A administração dos bens indivisíveis decorrentes de sucessão por morte será feita na forma da lei civil e se aplicam as normas que regulam os condomínios em geral.

Assim, todos os coproprietários são igualmente responsáveis por todas as despesas decorrentes da manutenção do bem em condomínio e da mesma forma possuem direito aos frutos eventualmente percebidos em razão do direito de propriedade, por exemplo: aluguel.

No caso de imóvel, todos são responsáveis pelas despesas de manutenção e se estiver alugado todos tem direito igualmente aos alugueis.

O administrador, nesse caso, deve ser escolhido em comum acordo entre os coproprietários, situação que na prática se mostra difícil.

4. Alienação dos bens

Outra questão espinhosa nas situações que envolvem copropriedade é a divergência de intenções entre os coproprietários no que se refere ao momento da alienação dos bens.

É comum que uns queiram se desfazer do bem e outros queiram mantê-lo.

A prática tem comprovado a dificuldade de administrar essa questão que, na maioria das vezes, é judicializada em busca de uma solução.

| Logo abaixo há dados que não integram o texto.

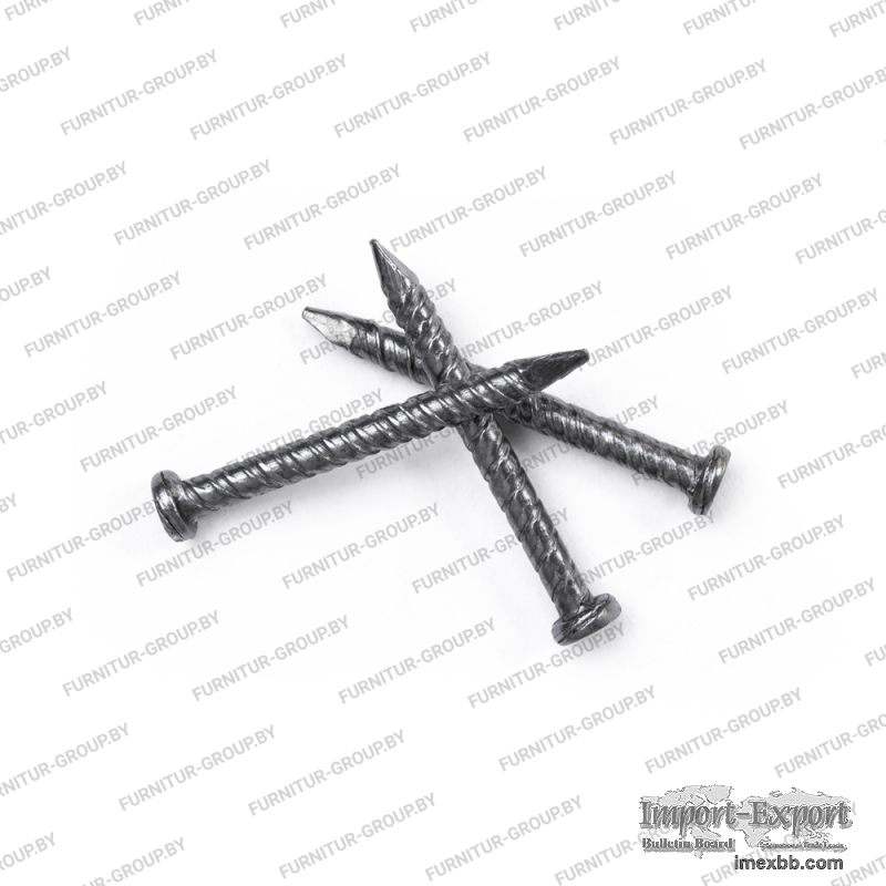 Shoe nails and wires // Shoe nails // Heel-screw nails (KVO) Heel-screw nails (KVO) are used for fastening heels in the manufacture and repair of shoes. Due to the presence of screw knurling on the shaft, screwed nails provide significantly greater heel attachment strength (up to 50%) than unscrewed.

Vejo a judicialização como negativa, uma vez que o bem pode ser alienado por valor inferior ao preço de mercado, o que representa prejuízo para todos.

5. Conclusão

Finalizando: a sucessão ocorre no momento do óbito, contudo, os herdeiros somente se tornam proprietários após a transmissão dos bens ao seu patrimônio, que se dá, em relação aos bens móveis com a entrega e em relação aos bens imóveis com o registro da partilha no cartório competente.

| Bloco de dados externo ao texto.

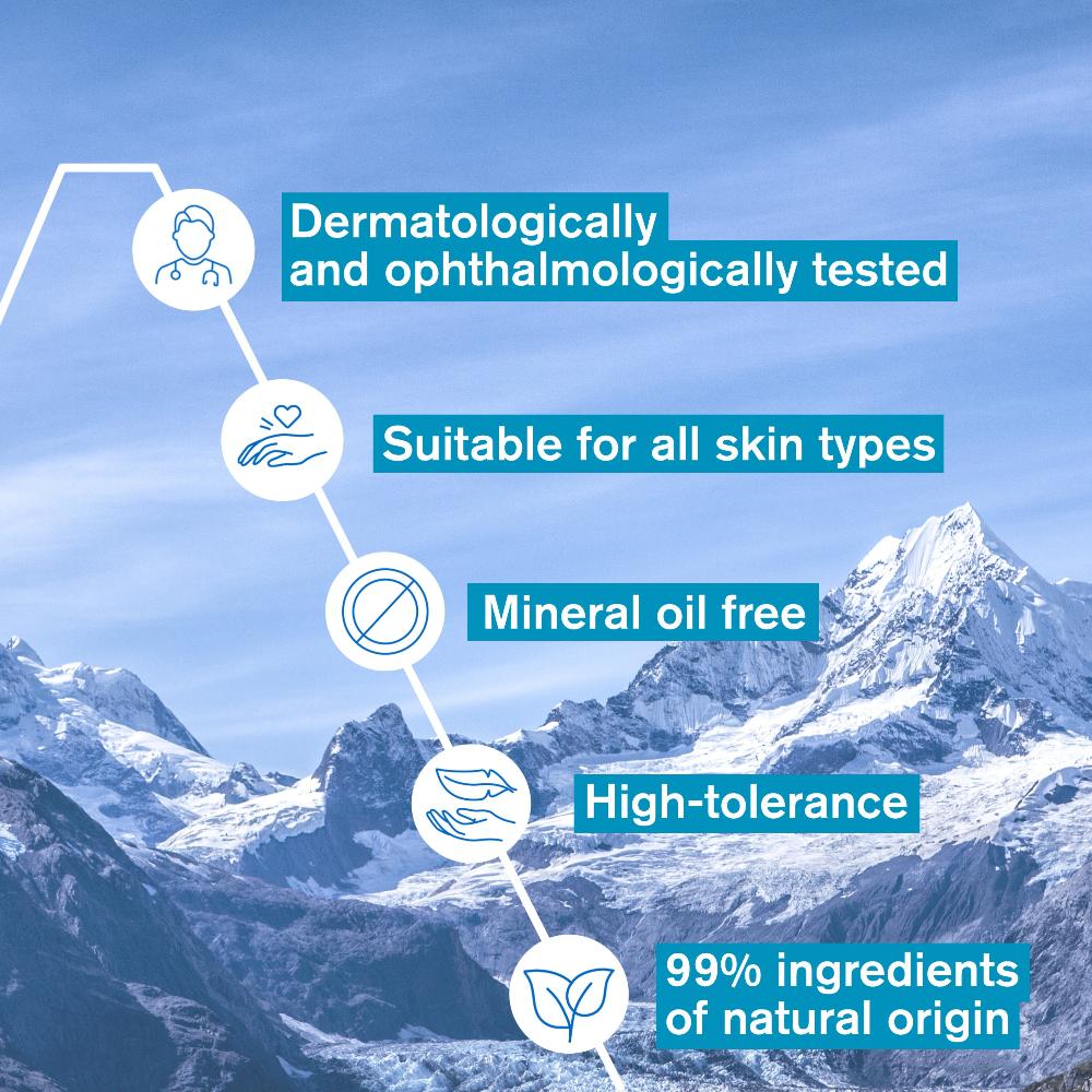 99% ingredients of natural origin — biodegradable formula — Fruity, floral fragrance with tangy notes — Innovative texture with a non-greasy finish — Waterproof effectiveness — 3 vegetable oils and derived from Vitamin E — Tested under dermatological and ophthalmological control

Até que ocorra a transmissão dos bens a cada herdeiro, eles são administrados pelo inventariante que se responsabiliza por sua administração e cuidado, devendo por eles zelar como se fossem seus. As responsabilidades do inventariante são determinadas pela lei.

Após a partilha, os bens passam ao patrimônio de cada herdeiro que se responsabiliza cada um pela administração de seus bens.

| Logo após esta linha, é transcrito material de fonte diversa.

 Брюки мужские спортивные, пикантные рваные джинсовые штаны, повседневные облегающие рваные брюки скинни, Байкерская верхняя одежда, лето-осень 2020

Havendo bens indivisíveis, um imóvel, por exemplo, a administração deverá ocorrer mediante consenso entre os proprietários, prevalecendo o que a maioria decidir e as despesas de manutenção e de conservação do bem devem ser custeadas por todos os proprietários.

Todos têm direito de usar, gozar e fruir do bem, na condição de proprietários. Portanto, a ocupação do bem por qualquer herdeiro individualmente depende de autorização dos demais proprietários (maioria) e deve ser precedida de decisão prévia sobre quem assumirá as responsabilidades pelas despesas correntes e com a manutenção do bem.

Deve-se levar em consideração que um bem imóvel desocupado traz muitos prejuízos, riscos de invasão, deterioração, dentre outros.

Assim, é salutar sopesar todas as circunstâncias e, em comum acordo, tomar a melhor decisão.

Um bem em copropriedade também não é fácil de ser administrado nem alienado. O risco de discórdia é muito grande.

A melhor saída é sempre baixar as armas e buscar uma solução que cause menos prejuízos a todos.

Para chegarem a um consenso, sugiro calma, paciência, tolerância, e aguardar o melhor momento para se desfazer do condomínio (copropriedade), tendo sempre em mente que: o prejuízo de um é o prejuízo de todos.